Web-scraped data for investment purposes accounts for as much as 5% of online traffic—but operational, legal and technological barriers remain for investment firms looking to fully tap this vast resource.

This figure comes from a report by Opimas, published earlier this year, which also estimates that spending on web scraping for investment purposes will exceed $1.8 billion by 2020.

Since the early days of the World Wide Web, its potential as a source of investment data has been obvious. Everything from social media trends to retail prices to job postings are available online. And this potential will only grow now as investors are increasingly looking for alternative data to help them stay ahead of the pack. 

“What people don’t realize is web data is the largest publicly available dataset in the world, and it doubles in size every year,” says Vinicius Vacanti, CEO of YipitData, whose clients include hedge funds and mutual funds. When YipitData started five years ago, it had three employees. It now employs 100 people, thanks to a seemingly insatiable thirst for new and unique datasets.

Collecting this data is getting more complicated as websites set up barriers to prevent machines from crawling their data, and firms worry about ambiguity and the lack of standards around the legality of using public data for commercial purposes.

How It’s Done

Nonetheless, YipitData belongs to a small universe of specialists that have sprung up to meet the growing investor appetite for this type of information. Another is Thinknum, which was founded in 2014 and aims to collect web data and sell it in a structured format to investors.
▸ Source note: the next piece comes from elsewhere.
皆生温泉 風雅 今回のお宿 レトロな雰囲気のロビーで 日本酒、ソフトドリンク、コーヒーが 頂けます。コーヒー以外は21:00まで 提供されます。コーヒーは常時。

Thinknum founders Justin Zhen and Gregory Ugwi met while studying at Princeton University. After they graduated, Zhen landed at a hedge fund and Ugwi became a strategist at Goldman Sachs. Zhen was looking for information available on social media—specifically, Twitter—while Ugwi was interested in real estate data. However, both realized they were facing the same issue: how to access, and make sense of, public web data. Many of their contacts and colleagues were having the same problems. 
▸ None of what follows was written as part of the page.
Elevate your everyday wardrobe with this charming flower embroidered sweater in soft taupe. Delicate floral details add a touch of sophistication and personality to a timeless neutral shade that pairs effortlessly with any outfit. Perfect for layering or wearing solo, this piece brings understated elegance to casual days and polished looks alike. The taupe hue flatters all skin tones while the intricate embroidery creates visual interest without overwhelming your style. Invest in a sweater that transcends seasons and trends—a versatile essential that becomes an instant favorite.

“We thought that we should build a company that organizes public web-data trails and makes them usable for investors,” Zhen says. 

Thinknum works like a business search engine, Zhen says. While traditional search engines collect everything online, Thinknum gathers specific information related to business activity. What data is collected depends on what the bot is programmed to pick up.

There are massive compliance issues. Some people abide by the rules very clearly, and some people don’t.
Nick Jain, Citizen Asset Management

Thinknum uses crawlers—bots that scour websites looking for information—similar to what Google does. It then organizes and structures the underlying data to make it more easily digestible. Thinknum offers 30 different datasets on its platform, including job listings, car inventory, store locations, LinkedIn profiles, Twitter followers, restaurant menu pricing, and government contracts. 

A user can view information such as who the firm is trying to hire every day, their job title, type of job, and the location of the job. “I can see how many jobs the company has every single day; if I actually overlay the stock price, I can see that this data is predictive,” Zhen says. “When the company hires, the stock price goes up about six weeks later. When the company stops hiring, the stock price goes down about six weeks later.”  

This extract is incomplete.